Par un jugement n° 1703260 du 5 juillet 2018, le tribunal administratif d'Orléans a rejeté leur demande.
Procédure devant la cour :
Par une requête et un mémoire, enregistrés le 7 septembre 2018, le 3 avril 2019, M. A..., MmeB..., M. C...et M. et MmeI..., représentés par MeK..., demandent à la cour :
1°) d'annuler ce jugement du 5 juillet 2018 ;
2°) d'annuler l'arrêté du maire de Luisant du 12 mai 2017 ;
3°) de mettre à la charge de la commune de Luisant une somme de 2 000 euros au profit de chacun des requérants en application de l'article L. 761-1 du code de justice administrative.
M. A...et les autres requérants soutiennent que :
- le projet litigieux ne permet pas d'assurer le respect des prescriptions édictées par l'avis du service d'incendie et de secours (SDIS) d'Eure et Loir du 4 mai 2017 ;
- le SDIS n'aurait pas édicté ces prescriptions si le projet avait respecté les exigences minimales de sécurité et d'accessibilité ;
- le projet litigieux méconnaît les dispositions des articles R. 111-2 et R. 111-4 du code de l'urbanisme, ainsi que celles de l'article UR 3 du plan local d'urbanisme communal ;
- le projet litigieux ne respecte pas les dispositions de l'article 4 de l'arrêté du 31 janvier 1986 relatif à la protection contre l'incendie des bâtiments d'habitation ;
- les voies de desserte sont trop étroites et leur partie terminale ne permet pas le retournement des véhicules de secours ;
- le projet litigieux méconnaît les dispositions des articles R. 111-26 et R. 111-27 du code de l'urbanisme ;
- leur requête d'appel est recevable dès lors qu'elle comporte l'exposé de moyens d'annulation, lesquels peuvent être identiques à ceux déjà soulevés en première instance.
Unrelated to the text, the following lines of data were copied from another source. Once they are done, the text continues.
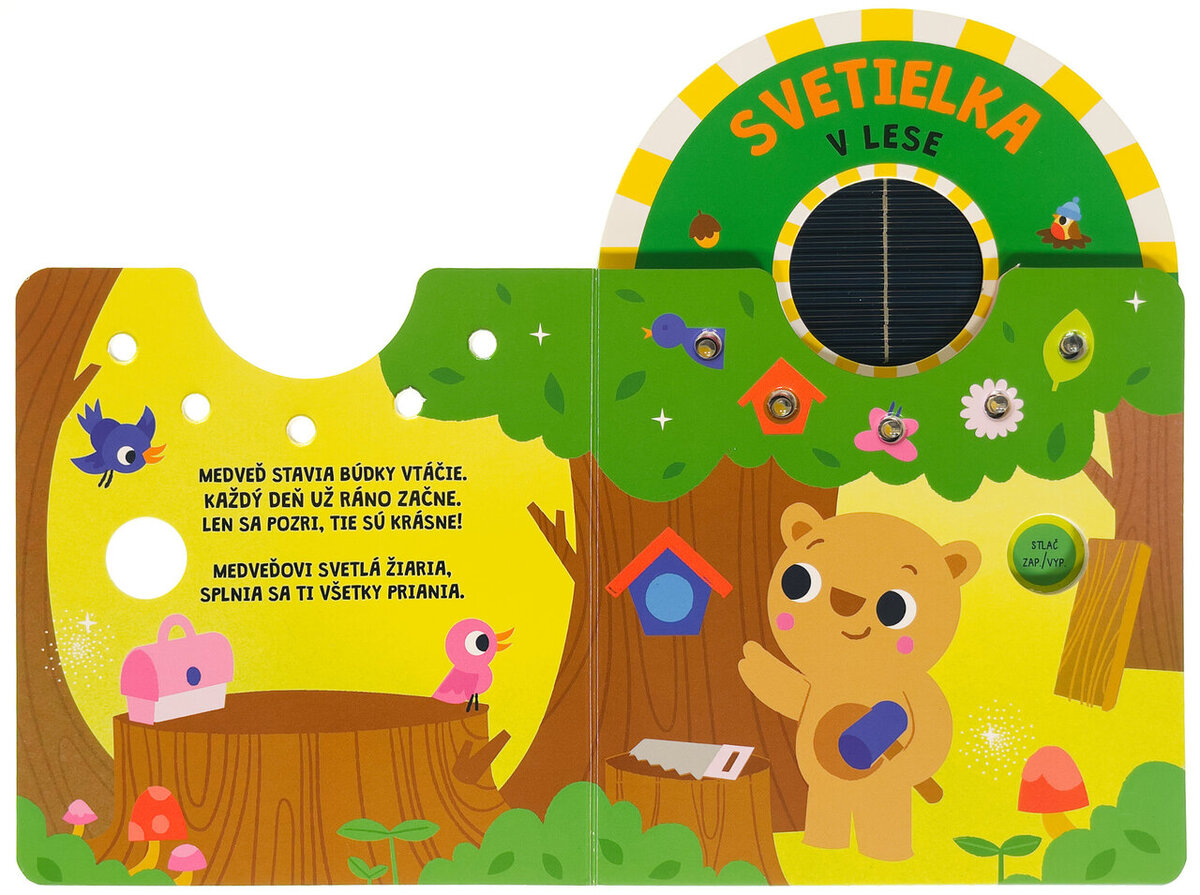 Medvedík, veverička, jazvec aj králik sa hrajú v lese plnom radosti. Ich príbehy sprevádzajú LED svetielka, ktoré vytvárajú svietiace reťaze, girlandy a dekorácie pôsobiace kúzelne a upokojujúco. Teplé jemne blikajúce svetlo nebodá do očí, navodzuje príjemnú atmosféru a knižku robí ideálnou voľbou na čítanie pred spaním. Vďaka napájaniu solárnou energiou nie sú potrebné batérie - stačí ju cez deň "nabiť" na slnku a večer stlačiť tlačidlo. Veršované texty a milé ilustrácie podporia predstavivosť aj radosť zo spoločného čítania.
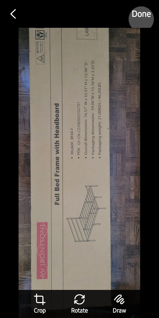 Selling a My Ironstone full bed frame with headboard! The model number is BF04-F. The overall dimensions are 76.57" W x 55.11" H x 13.98" D. Packaging dimensions: 59.06" W x 15.16" H x 3.35" D. Packaging weight: 21.00KGS/46.30LBS. The box is included
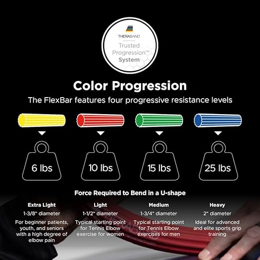 - IMPROVE GRIP & ARM STRENGTH: Designed to strengthen hands, wrists, and forearms while helping relieve pain from conditions like tennis or golfer’s elbow and tendonitis, the THERABAND FlexBar is widely used in rehab, sports training, and occupational therapy
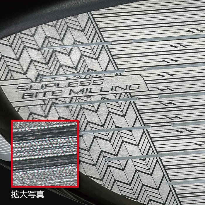 独自のスリップレスバイトミーリングをフェース全面に搭載。インパクト時のボールへの食いつきをさらに高めフェースの滑りを抑え、低スピン化。
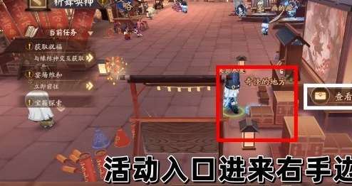 1、第一个,进入游戏中,我们点击活动入口然后来到缘结神对面,靠近右手边奇怪的地方我们查看一下;
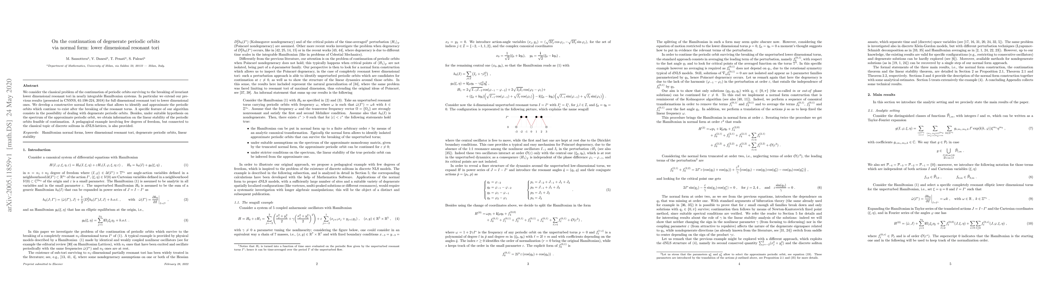 We consider the classical problem of the continuation of periodic orbits surviving to the breaking of invariant lower dimensional resonant tori in nearly integrable Hamiltonian systems. In particular we extend our previous results (presented in CNSNS, 61:198-224, 2018) for full dimensional resonant tori to lower dimensional ones. We develop a constructive normal form scheme that allows to identify and approximate the periodic orbits which continue to exist after the breaking of the resonant torus. A specific feature of our algorithm consists in the possibility of dealing with degenerate periodic orbits. Besides, under suitable hypothesis on the spectrum of the approximate periodic orbit, we obtain information on the linear stability of the periodic orbits feasible of continuation. A pedagogical example involving few degrees of freedom, but connected to the classical topic of discrete solitons in dNLS-lattices, is also provided.
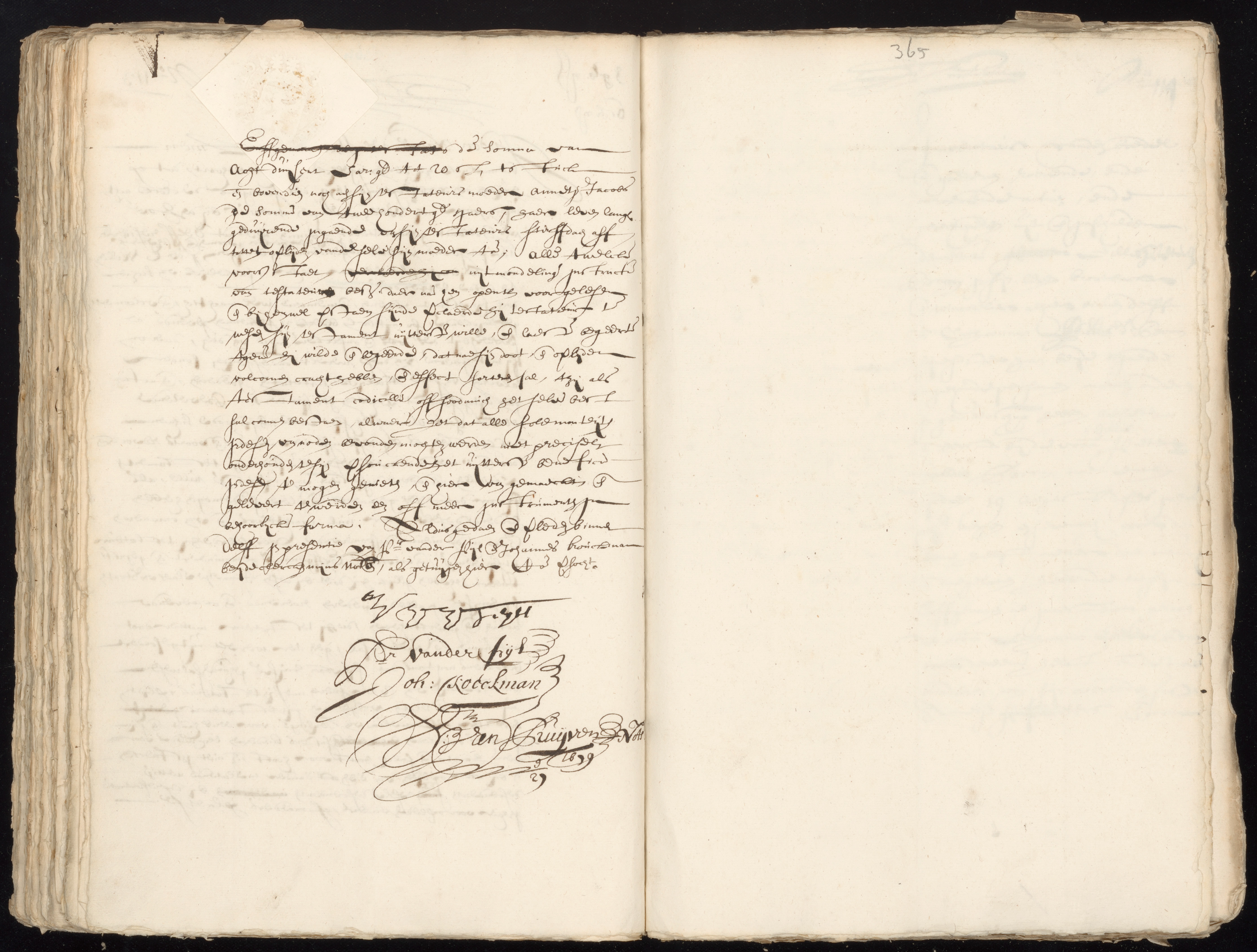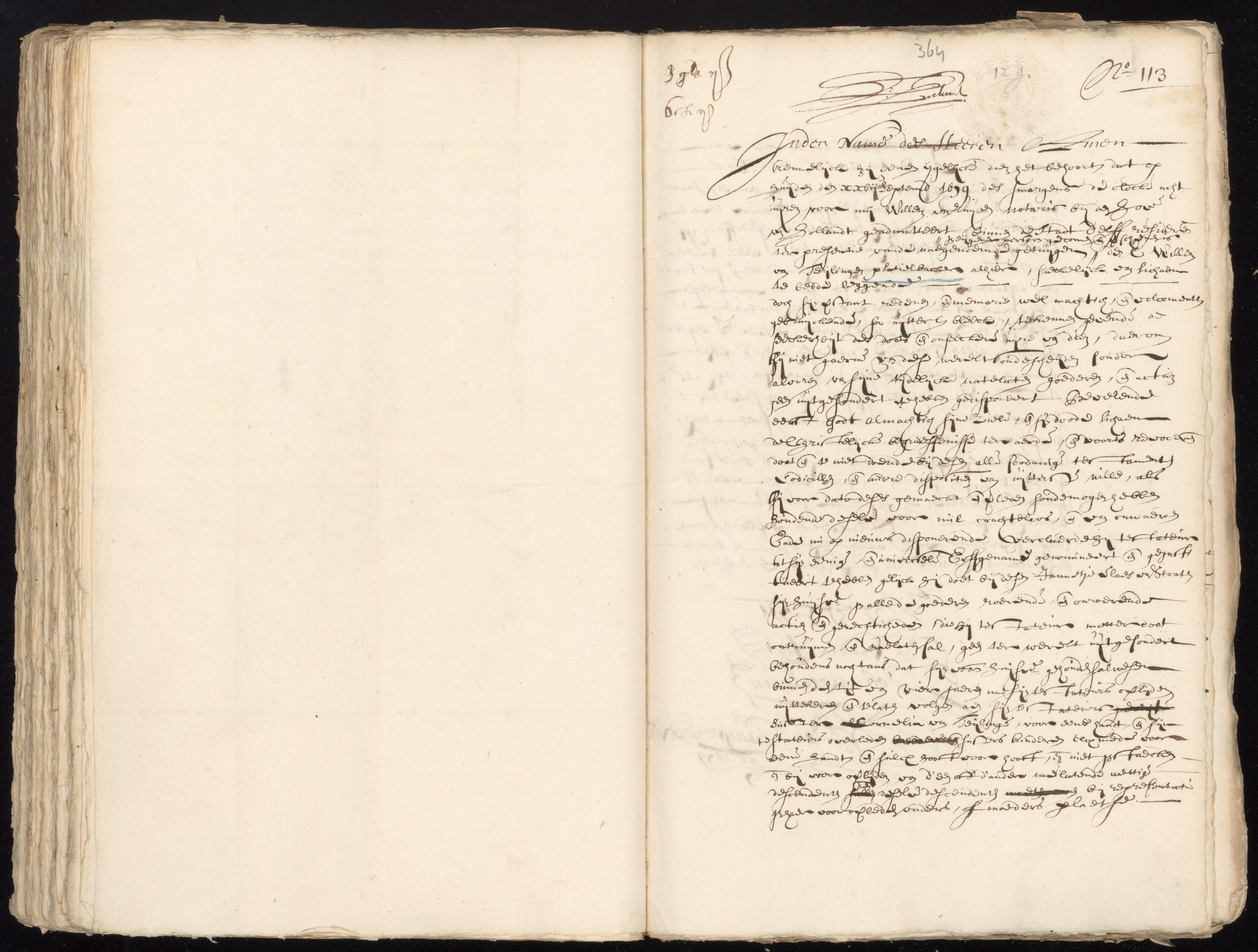 It is the last will of Willem van Teijlingen, pottery baker, who is ill and laying in bed, but sound of mind. He declares his sole and universal heir to be his wife Jannetge Claes van Straten. She will however be held to pay a sum of 8000 Carolus guilders, equally divided between her sister-in-law Cornelia van Teijlingen and the children of another sister-in-law already deceased, this sum to be paid within four years after the death of Willem.

Par deux mémoires en défense, enregistrés le 14 janvier 2019 et le 20 mai 2019, la commune de Luisant, représentée par MeG..., conclut au rejet de la requête et à ce qu'une somme de 3 000 euros soit solidairement mise à la charge des requérants en application de l'article L. 761-1 du code de justice administrative.
La commune fait valoir qu'aucun des moyens d'annulation soulevés par les requérants n'est fondé.
Par deux mémoires en défense, enregistré le 27 février 2019 et le 17 mai 2019, la SCI Luisant-Chalouzeau, représentée par MeD..., conclut au rejet de la requête et à ce qu'une somme de 5 000 euros soit mise solidairement à la charge des requérants en application de l'article L. 761-1 du code de justice administrative.
La SCI fait valoir que la requête d'appel de M. A...et des autres requérants est irrecevable en ce que les requérants n'y développent aucun moyen d'appel et qu'aucun des moyens d'annulation soulevés par les requérants n'est fondé.
Vu les autres pièces du dossier.
Vu :
- le code de l'urbanisme ;
- le code de justice administrative.
Les parties ont été régulièrement averties du jour de l'audience.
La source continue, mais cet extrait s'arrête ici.